同日の午後6時ごろ、フラン郡南部の某渓谷で、前方の斥候から報告を受けたヴィノア反乱軍の本営では、3人の将校が心配そうに沈黙を守っていた。しかし、しばらくすると一人がこの不和な静けさを破った。
「こんなことならトム、えっと……神使を送り出すんじゃなかった。今や行方不明で生死すら分からないなんて、一体どうすればいいんだ!」ポルディは天幕の中を何度も往復し始め、心の焦燥感を少しでも和らげようとしたが、どうやらあまり効果がないようだ。
「団長、あまり心配しないでください。」傍らに立つグレーティス王女がそう言って慰めました。彼女自身もトムの安否をとても心配していましたが、他人の安否を案じる一方で、自分自身の安否もまた気にかけていたのです。
「神使様はアダム神の加護を受けていますから、決して大丈夫です!」
その言葉を聞いたポルディは重い溜息をつき、何も言い返せなかった。ただ心の中でこう思った。
「神様、神様!トムってやつも本当にそうよね!アダムなら絶対に彼のことなんて気にしないわよ。」しかし表面上はただうなずくだけで、王女が言ったことに同意したふりをした。
「ああ、私の神使様。」傍らにいたビキルは悲しげに自らを憐れみ始めた。
「私たちはいつまでもあなたを想い続けます。そこで、今ここで一曲奏でて、私の哀しみを少しでも慰めたいと思います。」
「黙れ!」
「黙れ!」その言葉を聞いた丸刈りの団長と王国の王女は、何も考えずに同時に心に思っていたことを口にした。
「えっと……」と2人に言い返され、言葉を失ったビキルはピアノを弾くのを諦め、自分の考えを述べた。
「あの神使様を伴った竜巻が北へ向かったのを目撃した人がいるんだから、巴比倫王城を迂回して北へ向かうよう人を増やして探してみるのもいいかもしれない。もしかしたら何か手がかりが見つかるかもしれないぞ。」
この合理的な提案に他の2人も頷いて同意し、すぐに他の斥候チームが任務を派遣し始めました。
「歌わなければ、准爵はやっぱり普通だよね!」と、ボルディとグレーティスは同時に心の中でそう思った。
夕闇が徐々にフラン王国の大地に降り注ぎ始めた。しかし多くの人々はなかなか静かに眠れず、皆トムの安否を案じていた。そんな大勢の心配を一身に受けている当の本人は、狼人族の豪華な幕舎の中でいびきをかきながら熟睡しており、時折顔をかくなど、まるで自分が神の使いだなどとは微塵も思っていない様子だった。

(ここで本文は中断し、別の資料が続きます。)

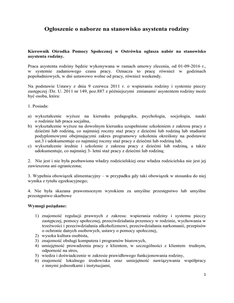Ogłoszenie o naborze na stanowisko asystenta rodziny Kierownik Ośrodka Pomocy Społecznej w Ostrówku ogłasza nabór na stanowisko asystenta rodziny. Praca asystenta rodziny będzie wykonywana w ramach umowy zlecenia, od 01-09-2016 r., w systemie zadaniowego czasu pracy. Oznacza to pracę również w godzinach popołudniowych, w dni ustawowo wolne od pracy, również weekendy. Na podstawie Ustawy z dnia 9 czerwca 2011 r. o wspieraniu rodziny i systemie pieczy zastępczej /Dz. U. 2011 nr 149, poz.887 z późniejszymi zmianami/ asystentem rodziny może być osoba, która: 1. Posiada: a) wykształcenie wyższe na kierunku pedagogika, psychologia, socjologia, nauki o rodzinie lub praca socjalna, b) wykształcenie wyższe na dowolnym kierunku uzupełnione szkoleniem z zakresu pracy z dziećmi lub rodziną, co najmniej roczny staż pracy z dziećmi lub rodziną lub studiami podyplomowymi obejmującymi zakres programowy szkolenia określony na podstawie ust.3 i udokumentuje co najmniej roczny staż pracy z dziećmi lub rodziną lub, c) wykształcenie średnie i szkolenie z zakresu pracy z dziećmi lub rodziną, a także udokumentuje, co najmniej 3- letni staż pracy z dziećmi lub rodziną; 2. Nie jest i nie była pozbawiona władzy rodzicielskiej oraz władza rodzicielska nie jest jej zawieszona ani ograniczona; 3. Wypełnia obowiązek alimentacyjny – w przypadku gdy taki obowiązek w stosunku do niej wynika z tytułu egzekucyjnego; 4. Nie była skazana prawomocnym wyrokiem za umyślne przestępstwo lub umyślne przestępstwo skarbowe Wymogi pożądane: 1) znajomość regulacji prawnych z zakresu: wspierania rodziny i systemu pieczy zastępczej, pomocy społecznej, przeciwdziałania przemocy w rodzinie, wychowania w trzeźwości i przeciwdziałania alkoholizmowi, przeciwdziałania narkomanii, przepisów o ochronie danych osobowych, ustawy o pomocy społecznej, 2) wysoka kultura osobista, 3) znajomość obsługi komputera i programów biurowych, 4) umiejętność prowadzenia pracy z klientem, w szczególności z klientem trudnym, odporność na stres, 5) wiedza i doświadczenie w zakresie prawidłowego funkcjonowania rodziny, 6) znajomość lokalnego środowiska oraz umiejętność nawiązywania współpracy z innymi jednostkami i instytucjami, 1 7) samodzielność w działaniu oraz wykazywanie własnej inicjatywy, kreatywność 8) umiejętność zachowania bezstronności w kontakcie z rodziną, 9) nieposzlakowana opinia, 10) umiejętność pracy w grupie, Do zadań asystenta rodziny należy w szczególności: 1) Opracowanie i realizacja planu pracy z rodzina we współpracy z członkami rodziny i w konsultacji z pracownikiem socjalnym, o którym mowa w art. 11 ust 1: 2) Opracowanie, we współpracy z członkami rodziny i koordynatorem rodziny pieczy zastępczej, planu pracy z rodziną, który jest skoordynowany z planem pomocy dziecku umieszczonym w pieczy zastępczej, 3) Udzielenie pomocy rodzinom w poprawie ich sytuacji życiowej, w tym w zdobywaniu umiejętności prawidłowego prowadzenia gospodarstwa domowego, 4) Udzielenie pomocy rodzinom w rozwiązywaniu problemów socjalnych, 5) Udzielenie pomocy rodzinom w rozwiązywaniu problemów psychologicznych, 6) Udzielenie pomocy rodzinom w rozwiązywaniu problemów wychowawczych z dziećmi, 7) Wsparcie aktywności społecznej rodzin; 8) Motywowanie członków rodzin do podnoszenia kwalifikacji zawodowych, 9) Udzielanie pomocy w poszukiwaniu, podejmowaniu i utrzymywaniu pracy zarobkowej; 10) Motywowanie do udziału w zajęciach grupowych dla rodziców, mających na celu kształtowanie prawidłowych wzorców rodzicielskich i umiejętności psychospołecznych, 11) Udzielanie wsparcia dzieciom, w szczególności poprzez udział w zajęciach psychoedukacyjnych, 12) Podejmowanie działań interwencyjnych i zaradczych w sytuacji zagrożenia, bezpieczeństwa dzieci i rodzin; 13) Prowadzenie indywidualnych konsultacji wychowawczych dla rodziców i dzieci; 14) Prowadzenie dokumentacji dotyczącej pracy z rodziną, 15) Dokonywanie okresowej oceny sytuacji rodziny, nie rzadziej, niż co pół roku i przekazywanie tej oceny OPS, 16) Monitorowanie funkcjonowania rodziny po zakończeniu pracy z rodziną, 17) Sporządzanie na wniosek sądu, opinii o rodzinie i jej członkach 18) Współpraca z jednostkami administracji rządowej i samorządowej, właściwymi organizacjami pozarządowymi oraz innymi podmiotami i osobami specjalizującymi się w działaniach na rzecz dziecka i rodziny, 19) Współpraca z zespołem interdyscyplinarnym lub grupą roboczą, o których mowa w art.9a ustawy z dnia 29 lipca 2005r o przeciwdziałaniu przemocy w rodzinie ( Dz.U. Nr 180, poz.1493, z późn. zm.) lub innymi podmiotami, których pomoc przy wykonywaniu zadań uzna za niezbędna. Informacje dodatkowe: 1) asystent rodziny, wykonuje czynności w ramach swoich obowiązków, korzysta z ochrony przewidzianej dla funkcjonariuszy publicznych, 2) praca asystenta rodziny nie może być łączona z wykonywaniem obowiązków pracownika socjalnego w terenie gminy, w której praca ta jest prowadzona, 2 3) asystent rodziny nie może prowadzić postępowań w zakresu świadczeń realizowanych przez gminę, 4) asystent rodziny jest obowiązany do systematycznego podnoszenia swoich kwalifikacji w zakresie pracy z dziećmi lub rodziną w szczególności przez udział w szkoleniach oraz samokształcenie, 5) asystent rodziny prowadzi prace z rodziną w miejscu jej zamieszkania lub w miejscu wskazanym przez rodzinę, 6) jednostki administracji rządowej i samorządowej właściwe organizacje pozarządowe, podmioty i osoby specjalizujące się w działaniach na rzecz dziecka i rodziny lub podmioty, których pomoc przez wykonywanie zadań uzna za niezbędna – udzielają asystentowi rodziny odpowiedniej pomocy w wykonywaniu czynności zawodowych. Wymagane dokumenty i oświadczenia. 1) CV, list motywacyjny - podpisane odręcznie. 2) Kopie dokumentów potwierdzających posiadane wykształcenie

2日後の熱季第85日の午後3時ごろ、フラン郡に隣接するイク郡の北部で、顔色がひどく蒼白なトムとほかの3人が、揺れ続けるダブル・ランドバード牽引の鳥車に乗っていました。もう一人の仲間が鳥を操っていました。この2日間の急行軍でトムはひどく疲れており、昨日の昼間だけ4時間寝た以外はすべて南へ向けて進んでいました。予想外だったのは、狼人族の歩行速度と持久力がランドバードに匹敵し、夜間でも一向に進行速度が落ちないことでした。夜になると揺れる車内でまったく眠ることができませんでした。